• Try it: Could you transcribe exactly the lines from the one containing "A 1000 mAh kapacitású" through the end of the listing below, both included, but none of the pictures?

• Data:
^^^^^^^^^^^^^^^^
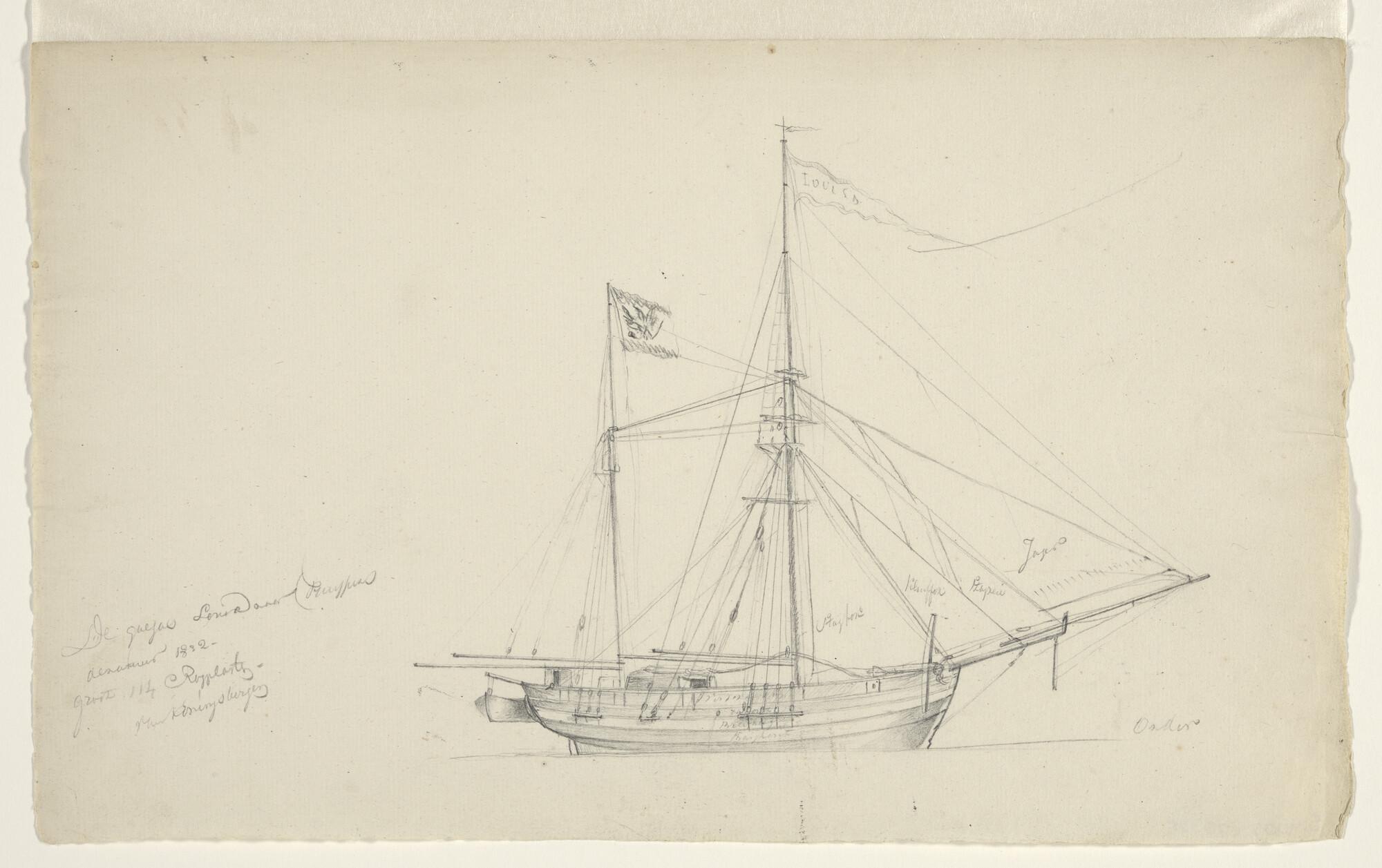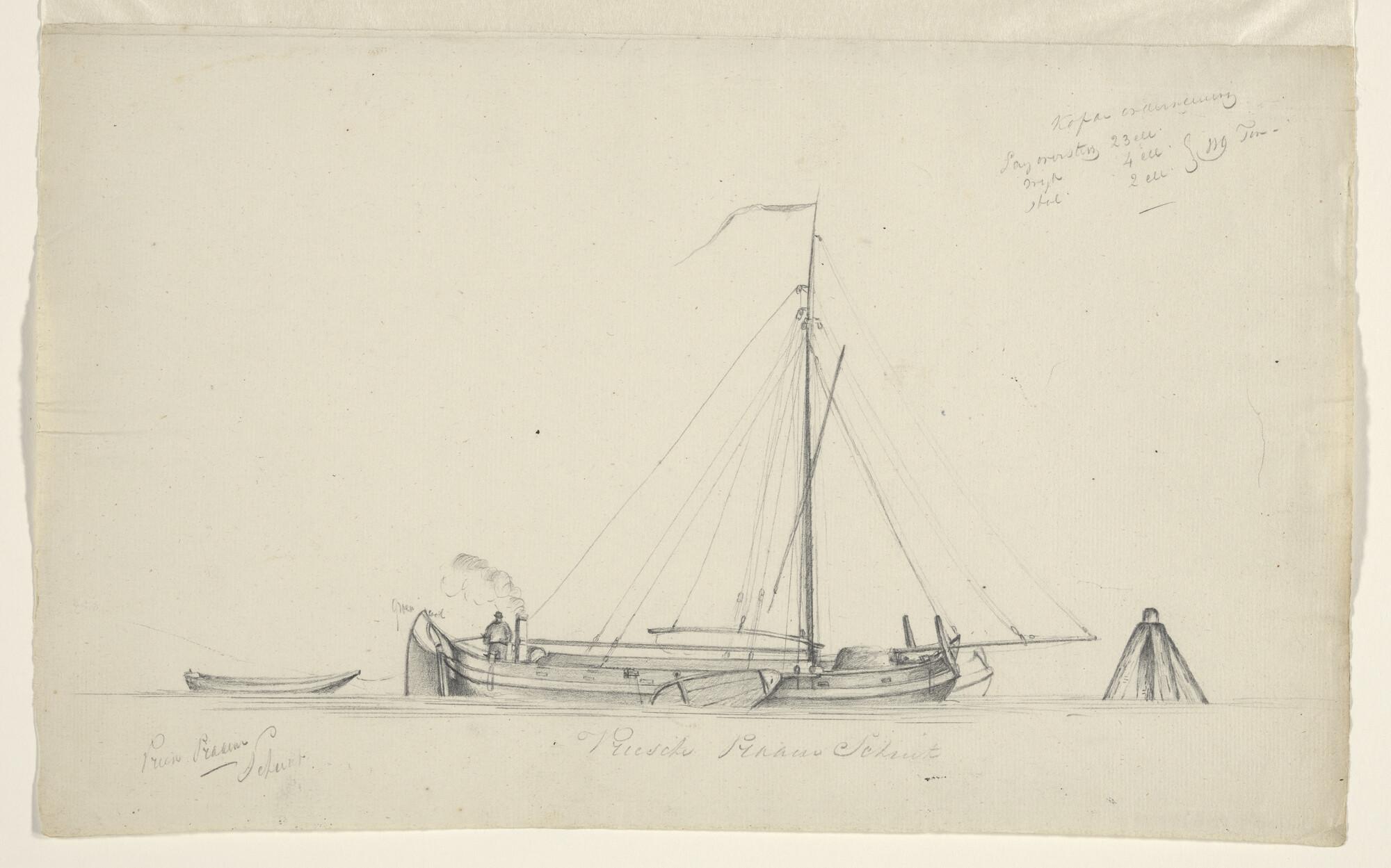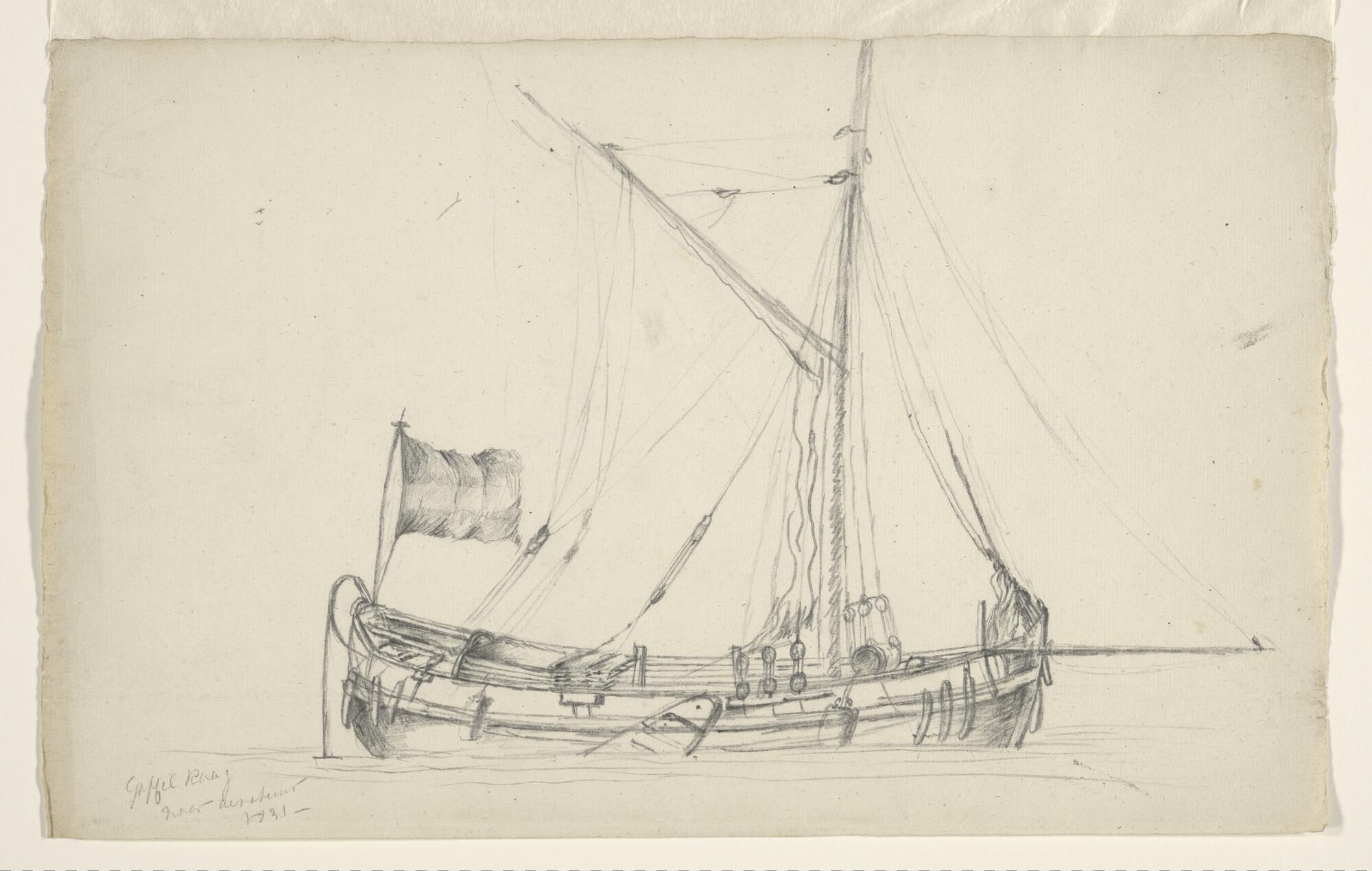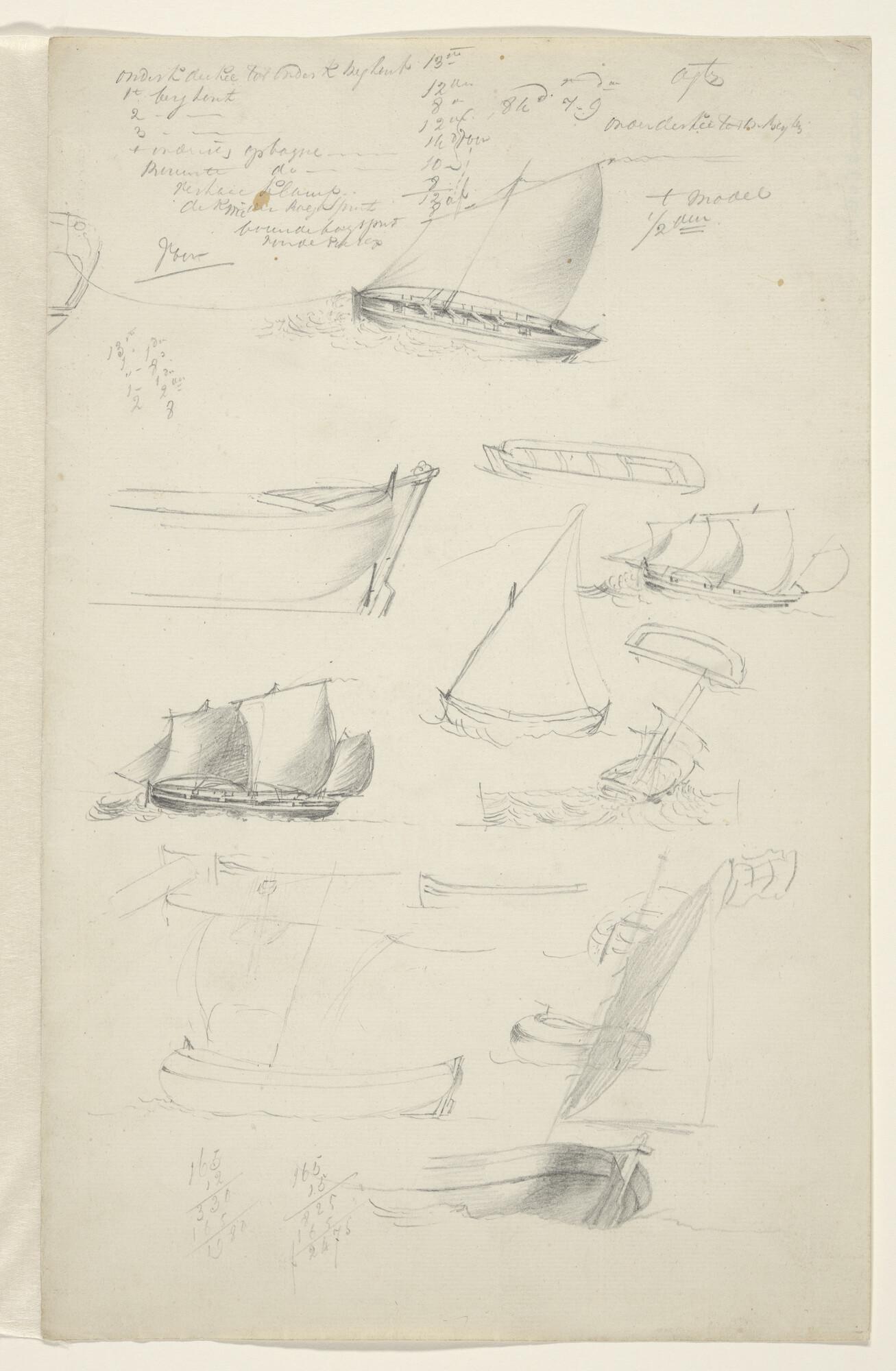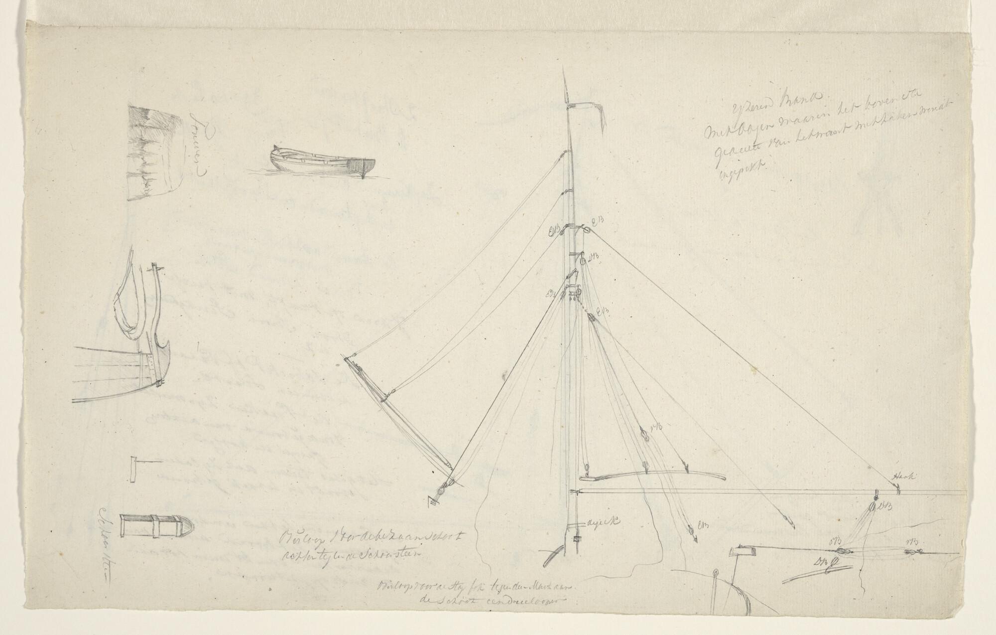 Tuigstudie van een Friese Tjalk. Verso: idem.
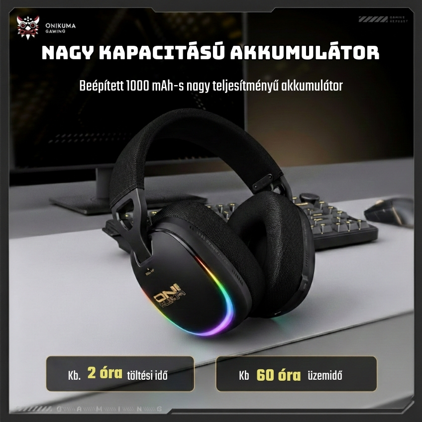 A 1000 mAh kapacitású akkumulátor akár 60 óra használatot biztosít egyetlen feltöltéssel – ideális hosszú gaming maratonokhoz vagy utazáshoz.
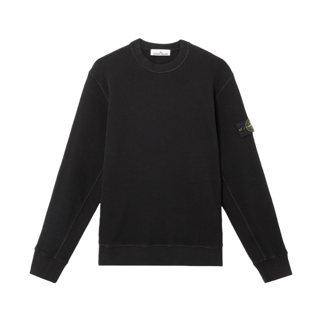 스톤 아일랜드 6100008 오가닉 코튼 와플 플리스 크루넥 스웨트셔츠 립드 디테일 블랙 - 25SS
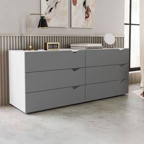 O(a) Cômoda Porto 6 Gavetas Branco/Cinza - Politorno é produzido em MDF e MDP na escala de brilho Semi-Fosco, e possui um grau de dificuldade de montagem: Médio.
^^^^^^^^^^^^^^^^
• Result below:
 A 1000 mAh kapacitású akkumulátor akár 60 óra használatot biztosít egyetlen feltöltéssel – ideális hosszú gaming maratonokhoz vagy utazáshoz.
 스톤 아일랜드 6100008 오가닉 코튼 와플 플리스 크루넥 스웨트셔츠 립드 디테일 블랙 - 25SS
 O(a) Cômoda Porto 6 Gavetas Branco/Cinza - Politorno é produzido em MDF e MDP na escala de brilho Semi-Fosco, e possui um grau de dificuldade de montagem: Médio.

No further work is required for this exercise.